Balanced Scorecard Helps Pick Best Causes
2 July 2021
An article in Forbes magazine shows how a charity fund is using a balanced scorecard to choose the best causes for donations.
The benefits of using a balanced scorecard can apply in a large number of unexpected places – including a US-based charity fund that is using the balanced scorecard to judge the merits of non-profit organisations and calculate how much cash to ‘invest’ in them.
The practice was highlighted in an article in Forbes, the US business magazine. The article focuses on New Profit, a fund that had raised $11 million and redistributed the money to eight charities along similar lines to a unit trust or other investment fund. Vanessa Kirsch, the fund’s manager, used a balanced scorecard to weigh up each organisation and judge how worthy a cause they were.
Balanced scorecard is the key
Forbes says, “The key to New Profit is its scorecard, which rates a non-profit on a series of financial and other sorts of benchmarks.
“An afterschool program, for example, can rack up good points for keeping down costs and improving student performance on standardised tests. New Profit investors get scorecards on all organisations once every quarter. They’re usually familiar with them already but, at a glance, they can tell if their money is being put to good use.”
The ‘investors’ that Forbes mentions can donate their money in all confidence that the recipient charity will be effectively putting it to use, because Kirsch knows – thanks to her balanced scorecards – which charities are performing poorly and redistributes funds accordingly. If one organisation starts scoring poorly across her basket of measures, Kirsh will withhold funding until they get their act together – or stop it completely and look for a better cause to support.
The balanced scorecard can work outside business
The fund’s goal is to support the growth of America’s non-profit organisations by using the same theories to select one to support as a hard-nosed investor would use in choosing a business to invest in. Microsoft and Cisco grew from small origins, Kirsch argues, so why can’t a non-profit organisation, if it thinks in the same way. And, like big US businesses, she used a model of the balanced scorecard developed by Robert Kaplan to measure the organisations.
Kaplan, the Harvard Business School professor who first developed the balanced scorecard for corporate clients, modified it for charities. The non-profit version looks at areas like social impact, user satisfaction, finances, goals met and staff retention, and is supported by a ‘growth plan’ – a list of ‘doable’ objectives, based on the balanced scorecard’s results – which the charity has to follow to get New Profit funding.

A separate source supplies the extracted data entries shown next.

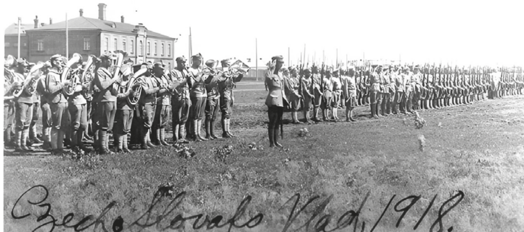
Czechosłowacki legion we Władywostoku w 1918 roku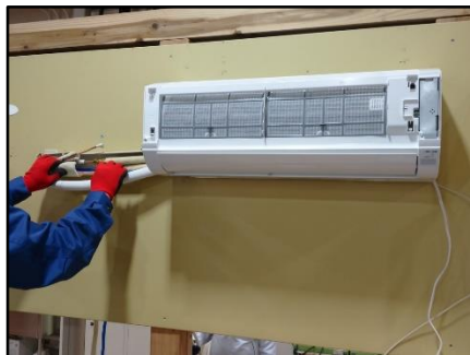
空調設備の訓練内容の説明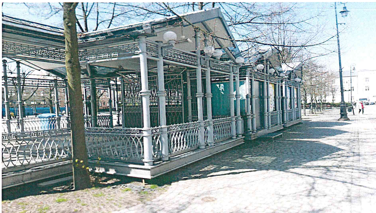
Ogródek kawiarniany – pow. 90,11 m 2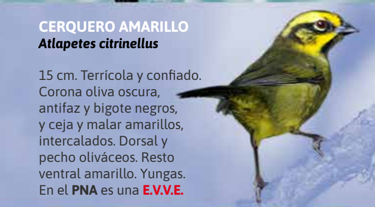
CERQUERO AMARILLO Atlapetes citrinellus

95 cm. Envergadura de 3 m. Utiliza las corrientes térmicas para sobrevolar buscando su alimento. Generalmente gregario. Se alimenta de carroña. Suele nidificar en paredones de difícil acceso. Pone de 1 a 2 huevos blancos o manchados. Esta especie es típica de las zonas más altas, cerca del límite del parque con la Provincia de Catamarca. Es muy probable observarlo en La Ciudadita, aunque es posible verlo en cercanías de los puestos La Cueva, Las Mesadas, La Cascada, Las Pavas y Pampa del Wirqui. En el PNA es una E.V.V.E.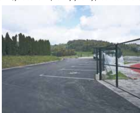
Novo parkirišče za zaposlene

cest v državnih načrtih za realizacijo časovno zamaknil, je Občina Sevnica pristopila k prilagoditvi projekta in pridobila odločbo o spremembi gradbenega dovoljenja, na podlagi katerega so se v lanskem letu tudi začela gradbena dela. Občina Sevnica je ob tem tudi uspešno pridobila sredstva za sofinanciranje gradnje. Projekt v izvedbeni vrednosti 774.661,07 evra je sofinanciralo Ministrstvo za gospodarstvo, turizem in šport v višini 100.000 evrov in Fundacija za šport v višini 55.728 evrov.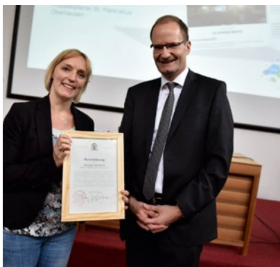
Blog gewinnt Innovationspreis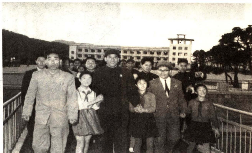
援建平壤地铁工作组在朝鲜受到热烈欢迎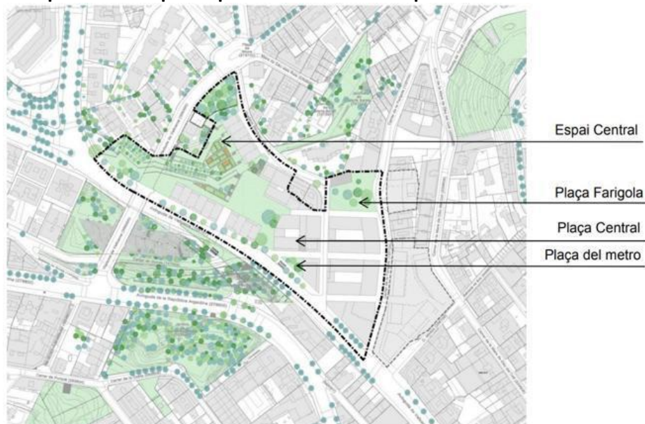
Mapa 5. Nuevas plazas públicas en Vallcarca a partir de la MMPGM 2018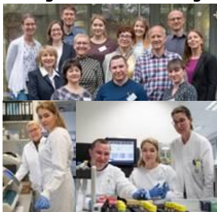
Ukrainische Labormitarbeitende aus Poltawa/Ukraine

Success of New Profit’s balanced scorecard approach
The success of Kirsch’s balanced scorecard approach is demonstrated by the growth of the fund’s portfolio – which was growing at 35 per cent a year, compared with three per cent for the industry overall (at the time of the Forbes article). And, the magazine suggests, she may change her focus and begin applying the same techniques to another needy cause: health care.